CalCom Energy, a long-time solar and energy services provider for California’s agricultural sector, thinks it has a solution. This week, the Fresno-based developer launched a $100 million Agriculture Energy Infrastructure Fund, aimed at combining low-cost solar power-purchase agreements with the backup power of energy storage.

The fund, developed in partnership with Symbiont Energy and Live Oak Bank, marks CalCom’s first foray into owning the systems it develops, David Williams, CalCom’s chief commercial officer, noted in Wednesday’s press release. But it’s far from CalCom’s first foray into solving the farm-specific energy challenges facing its customers in the state’s Central Valley.

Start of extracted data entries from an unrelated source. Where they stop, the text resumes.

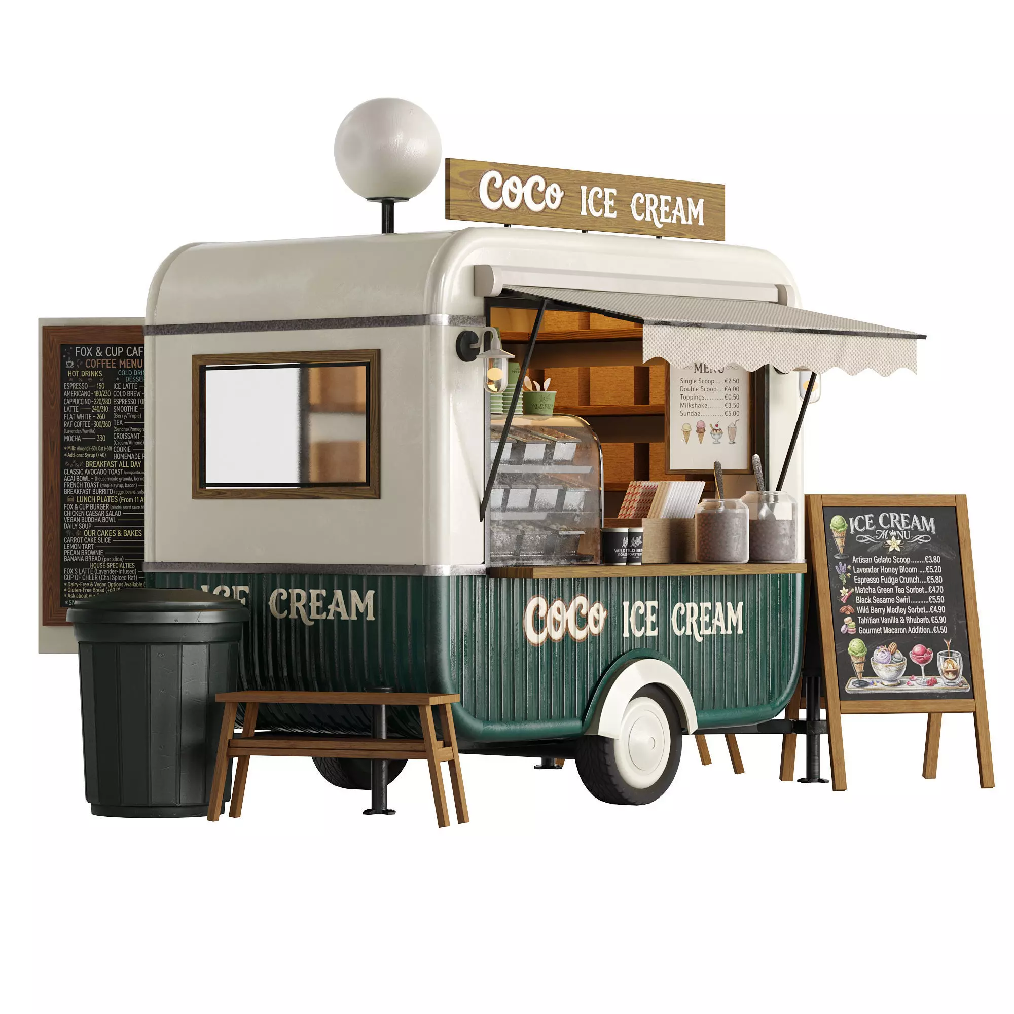 Realistic Ice Cream Food Cart Kiosk – Street Dessert Stand
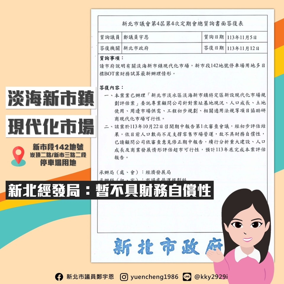 宇恩不斷在議會爭取在淡海新市鎮興建一座公有市場,以照顧淡水地區居民的民生採買需求。去年初,市場處提出了 #淡海新市鎮特定區新設現代化市場規劃評估案,但歷經去年一整年的評估,年底市府回覆認為 #暫不具財務自償性
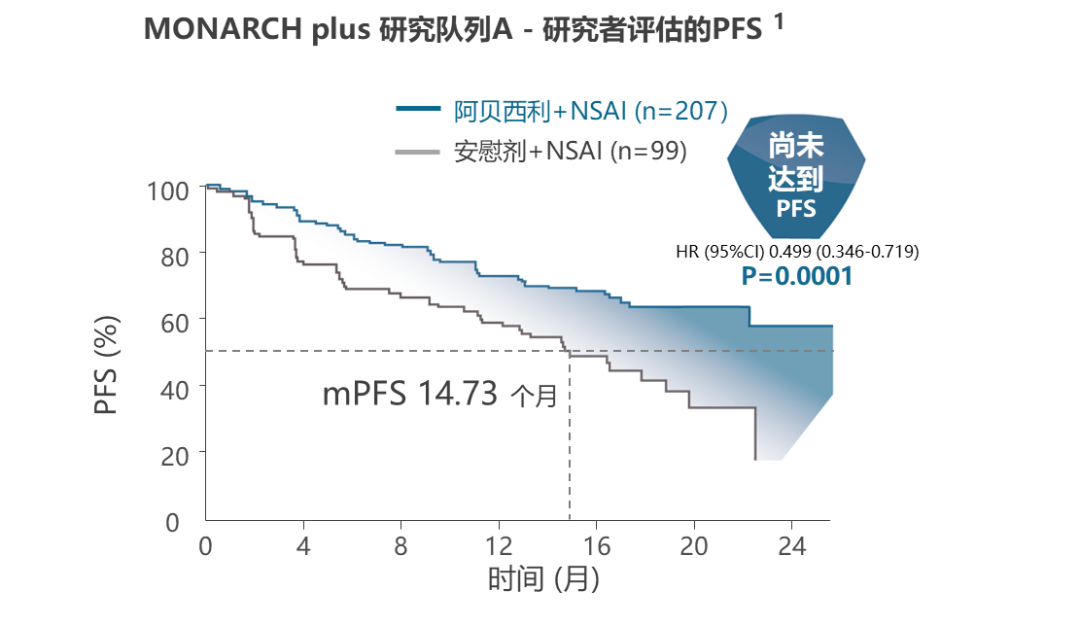 基于该项研究结果的发表,阿贝西利获得药品监管部门的认可,两项适应症获批:与芳香化酶抑制剂联合用于HR+/HER2-局部晚期或转移性绝经后女性乳腺癌初始内分泌治疗,或与氟维司群联合用于内分泌治疗失败的晚期或转移性HR+/HER2-女性乳腺癌患者。
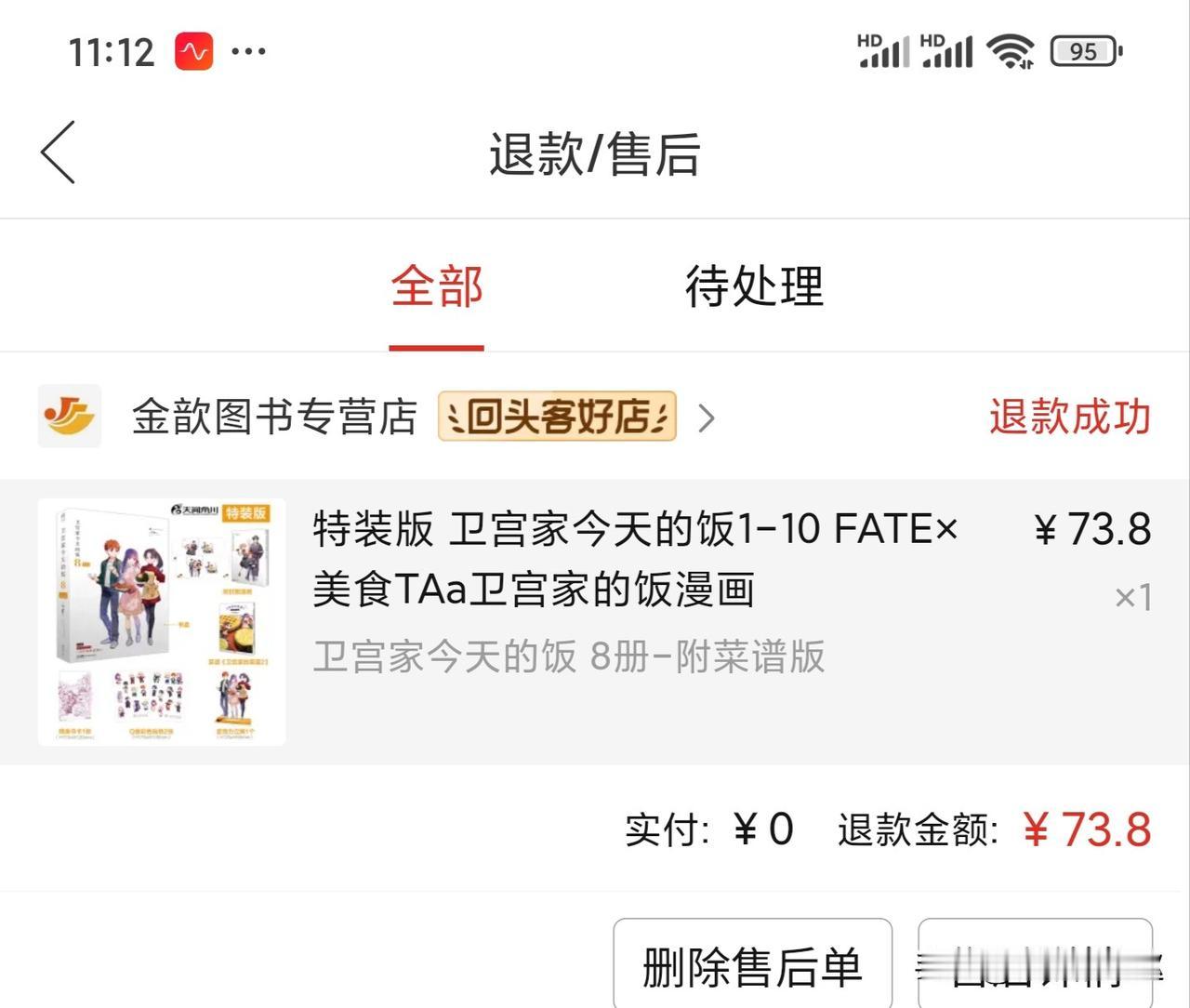 年前,孩子在拼多多花73元买本溢价的《卫宫家的饭》特装版书籍,节后,商家发货了,
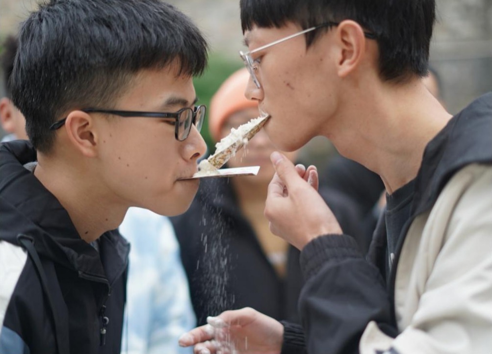 活动中,同学们积极参与,在“比划我猜”游戏环节中,各小组队员们脑洞大开,用奇妙的肢体语言成功让队友猜出一个又一个词语;在考验体力和算数能力的“折返跑”环节中,彰显着同学们的青春活力;在压轴游戏“传面粉”中,各小组斗智斗勇,队员间默契配合,充分调动同学们的情绪,将现场气氛推向高潮。
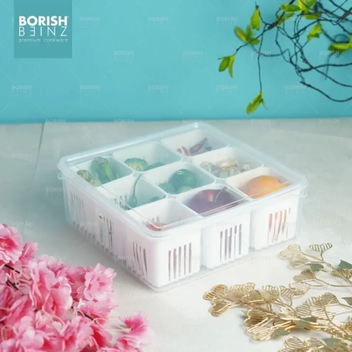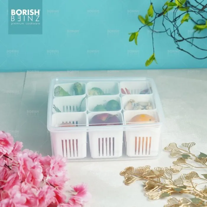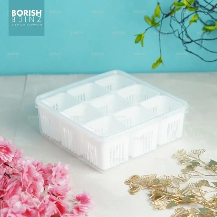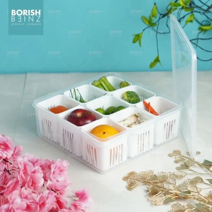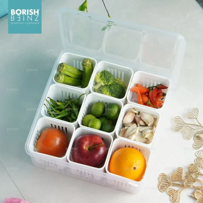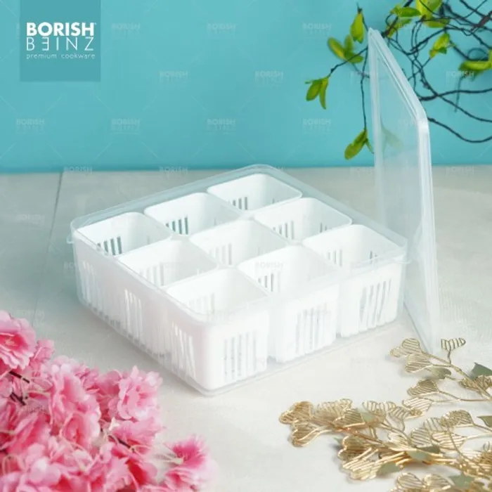 Kotak Penyimpanan dengan 9 sekat ini dapat memudahkan anda untuk menyimpan berbagai jenis bahan baku bahkan bahan makanan sekaligus.
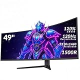 - Immersiver 124,5 cm (49 Zoll) Curved Gaming Monitor: 49 Zoll Bildschirm 5120x1440 DQHD, 120Hz, 1500R, 32:9 Ultra-Wide, AMD FreeSync, 120% sRGB, Höhenverstellbar, HDMI 2.1 & DisplayPort
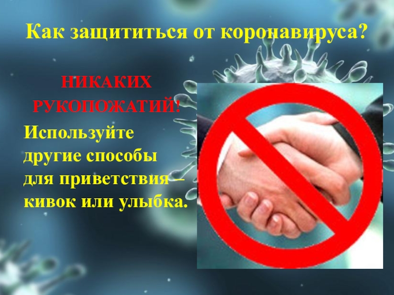 Как защититься от коронавируса?НИКАКИХРУКОПОЖАТИЙ!Используйте другие способы для приветствия – кивок или улыбка.
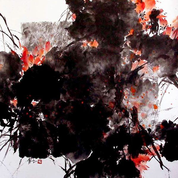 #06-11 Red Lotus 溪上新荷初出水 Painted in 1989
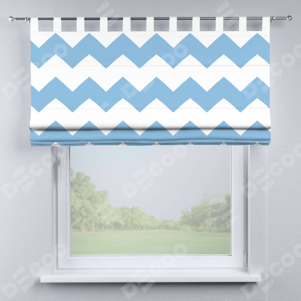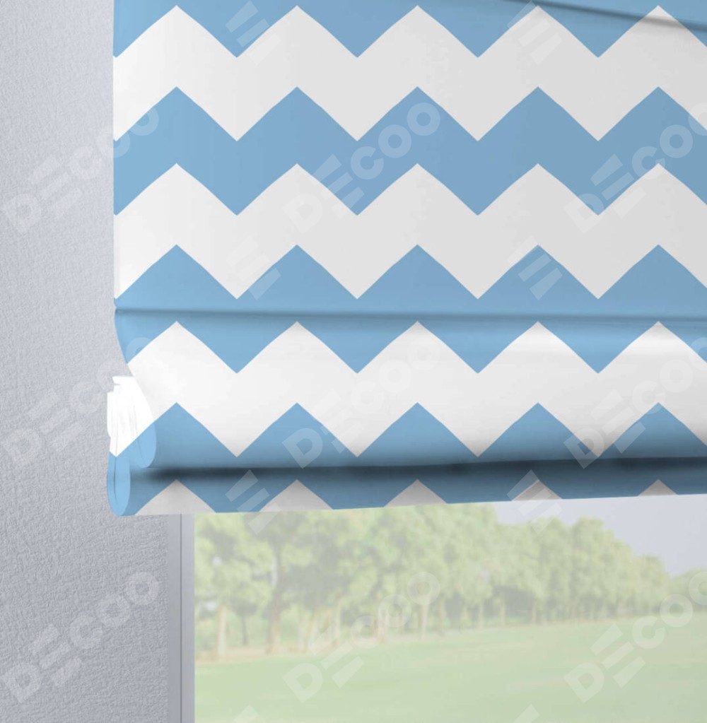 Римская штора производителя «Cortin», используется для проёма, пошита из ткани блэкаут с нанесением сублимационной печати «Зигзаг крупный». Данная модель пошита на петлях, комплектуется на выбор круглым карнизом и подходит для монтажа на стену. Римская штора на петлях имеет простую систему регулировки высоты, отличительным преимуществом данной модели является простой способ монтажа. Достаточно повесить ее на трубу и штора готова!
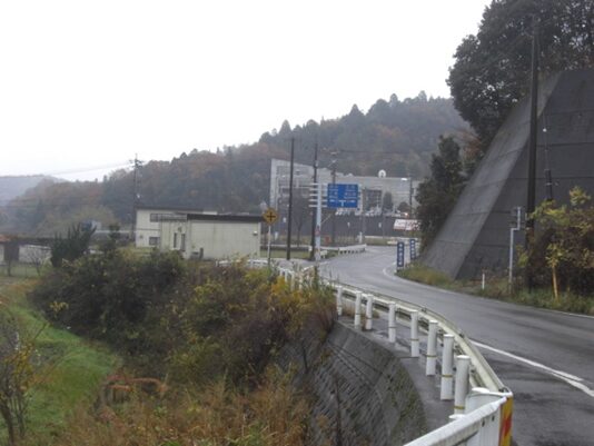 短い旧道を進むと、その先で道は消失しています、ブリキ板塀のところで左に折れて国道に出ます

Since its 2012 founding as CalCom Solar, the Fresno, Calif.-based company has developed more than 200 megawatts of clean energy projects, largely solar projects for farms and water districts. In fact, it’s one of the largest commercial solar developers in the territory of Pacific Gas & Electric, the Northern California utility now in bankruptcy reorganization under the weight of tens of billions of dollars in liabilities from deadly wildfires started by its power lines in 2017 and 2018.

Like many California solar developers, energy storage is playing an ever-increasing role in CalCom’s projects, leading it to rebrand as CalCom Energy last year. Changes to California’s net metering regime, including time-of-use (TOU) rates that reduce the value of midday energy and increase its cost in late afternoon and evening hours, have an outsize effect on commercial solar projects like CalCom’s that rely on meter aggregation for valuing their production.

CalCom also provides metering and billing analysis through its Energy Services management platform, to allow its customers to better manage how they consume electricity in relation to their solar-generated and battery-stored resources. For example, big Salinas Valley grower and shipper D’Arrigo Bros. of California, which has installed about 5.5 megawatts of solar PV through CalCom, has also added two 520-kilowatt batteries at its central cooling facility, to reduce demand charges, shift energy to different TOU periods, and provide backup power to critical loads.

But batteries have become even more critical under the much-expanded wildfire prevention “public safety power shutoff” regimes put in place by PG&E and other California utilities under state regulatory mandate this year. Agricultural customers are huge electricity users, largely to move water — pumping and treating water uses roughly one-sixth of the state’s electricity supply.

In fact, water treatment plants and other water infrastructure are among the classes of “critical services” that have been earmarked for special treatment under the California Public Utilities Commission’s latest revisions to the Self-Generation Incentive Program, which also included $100 million in incentives for disadvantaged or medically vulnerable customers who live in high-fire-threat parts of the state.

But farmers are also dependent on steady and reliable electricity to meet water-pumping schedules that are often fixed by law, or by the needs of its crops and the growing season. Solar-plus-storage projects that promise to reduce overall electric bills, as well as provide backup power, are becoming a far more attractive option than installing expensive and polluting backup generators to insure against a crop-ruining power outage.


 CalCom Energy’s $100M Fund Targets Farms for Solar-Battery Systems, by Jeff St. John, Greentech Media, September 26, 2019.